Porosity and Possibility of Poetry: Dialogism, Hybridity, Heterogeneity

deadline for submissions: 
July 31, 2026
full name / name of organization: 
Nuevas Poligrafías. Journal of Literary Theory and Comparative Literature

“Poets are the unacknowledged legislators of the world,” claims Percy Bysshe Shelley at the end of his well-known essay A Defence of Poetry, based on the idea that poetry is connatural with the origin of the human. Poetry is one of the most prestigious genres in the literary tradition, if not the most. Whether we go back to its public and ritual function in shamanic chants or in Homeric epic, or we think of its circulation in multimedia formats on digital consumption platforms on the internet, poetry has existed both as an artistic mode of verbal language and as a literary genre that encapsulates the virtues of literature.

 

Given this, it is striking that it should also be such a difficult genre to define. This idea may seem counterintuitive, considering that the novel has been presented as the genre in permanent transformation—always on the verge of dying—or that the essay has been conceived as the genre that surpasses generic divisions. But it is enough to recall any current definition of poetry to quickly think of a counterexample—considered poetic by consensus—that overturns the features in question. Is it rhyme, verse, rhetorical figures, length, voice? For each of these possibilities, there appears a significant exception within the literary tradition. One of these principles, especially present in poems that are socially valued as paradigmatic, is the concentration of linguistic expression. That is, it would not be so much a matter of quality as of intensity and precision. This does not imply, however, a narrowing to a specific form or format.

 

Building on these issues, Jahan Ramazani, in Poetry and Its Others, argues that this very indeterminacy is what has enabled poetry to develop as a protean, fully modern genre, unbound by the decorum of traditional discourses.
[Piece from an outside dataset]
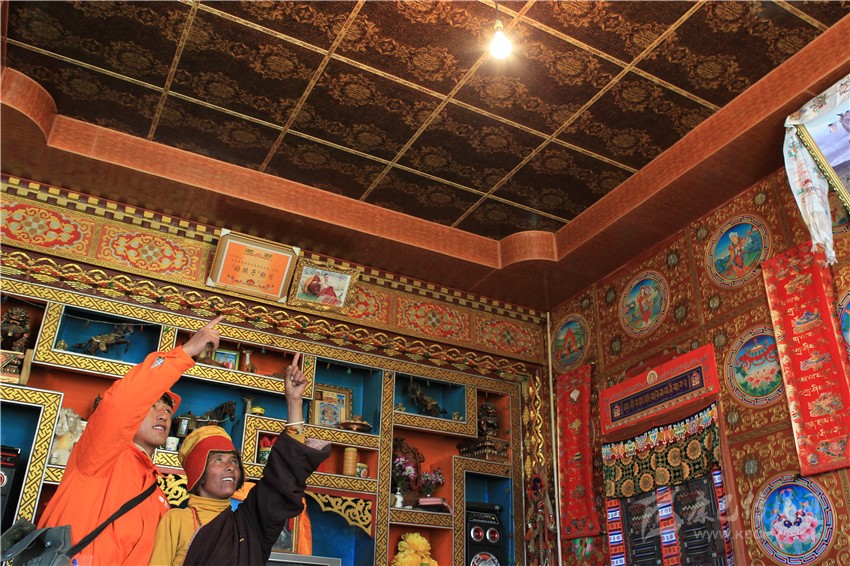 格吉大爺今年70歲了,他的孫子貢嘎是一名藏畫家,主要靠給鄉(xiāng)鄰的新房畫壁畫為生。他和哥哥兩人自學成才,鄉(xiāng)里很多人家屋內(nèi)那些精美絕倫的壁畫就出自他們兩兄弟之手。“以前電不好時,天黑就無法工作,現(xiàn)在有電了,晚上都能畫,曾經(jīng)要畫1個多月的壁畫,現(xiàn)在20多天就能完成。如今電好了,電話信號也比以前強,好多理塘縣城的朋友都打電話請我去給他們家里畫,這樣又能多掙些錢。”貢嘎的話語里透著對未來的幸福生活憧憬。
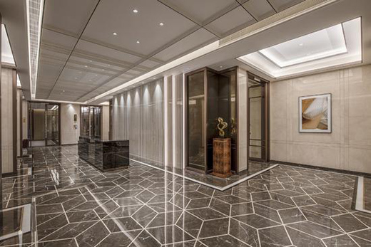 為增添幾凈雅致的氛圍,接待臺選用黑白根大理石,與背景墻共同構成了和諧統一又對比強烈的視覺主體。背景墻兩邊以屏風延伸,運用夾絲玻璃編織出細膩的紋絡,最外側點綴現代風格的藝術品,簡明精巧又不顯刻意地再次抬升了整體空間的格調。

In contrast to Bakhtin’s view of poetry as the genre most resistant to dialogism—since lyric, which has dominated poetic expression since Romanticism, is thought to cancel out heteroglossic discourse or absorb it into a monologic voice—Ramazani sees poetry as inherently dialogic in the way it opens itself to other forms and genres. Although his study focuses only on poetry’s relationship with discursive genres such as news, prayer, and song, his ideas offer a useful framework for considering its dialogism with genres like the novel, drama, and others. The very fact that we do not quite know what a poem is or how it is delimited means that it comes into being through contact with other genres; that is, through its transformations it reveals its own nature as flexible and mutable.

 

But it is not only hybridity with other genres that allows poetry to have a dialogic dimension; this dimension can also emerge when poetry opens itself to discursive heterogeneity, especially when this entails a critique of the lettered city and its literary manifestations. Drawing on the thesis of the “illegibility of errant writings” developed by Julio Prieto in La escritura errante, it is possible to think that the poetry of César Vallejo or Néstor Perlongher, as Prieto analyzes, embraces heterogeneity by erring from the position of peripheral modernity.

 

Similarly, it is possible to identify plurality as a constitutive element of the poem, since, as Chantal Maillard reminds us, the ancient poet acquired the status of téknico by adjusting their work to the artus, or the proper articulation of the parts. What else but that proper articulation is a poem composed through operations of montage, as in the work of Sara Uribe or Lyn Hejinian, or one created through subtraction and erasure, as in the poems of Susan Howe?

 

For this issue of Nuevas Poligrafías, we invite scholars of poetry and poetics from diverse backgrounds, as well as specialists in literature, the arts, and the humanities broadly conceived, to submit original research articles exploring hybrid, nomadic, intermedial, or heterogeneous manifestations of the poetic. Our interest is in proposals that highlight the singular ways in which poetry enters into dialogue with other genres, discourses, or media, while at the same time reflecting on its artistic nature. Without being exclusive, some suggested topics are:

  • Poetry and other literary genres for poetic reflection

  • Poetic appropriations of other literary genres and forms

  • Formation of new poetic genres through the incorporation of features from other genres

  • Crossings between poetry and other media (ekphrasis, visual‑spatial forms, sound poetry, visual poetry)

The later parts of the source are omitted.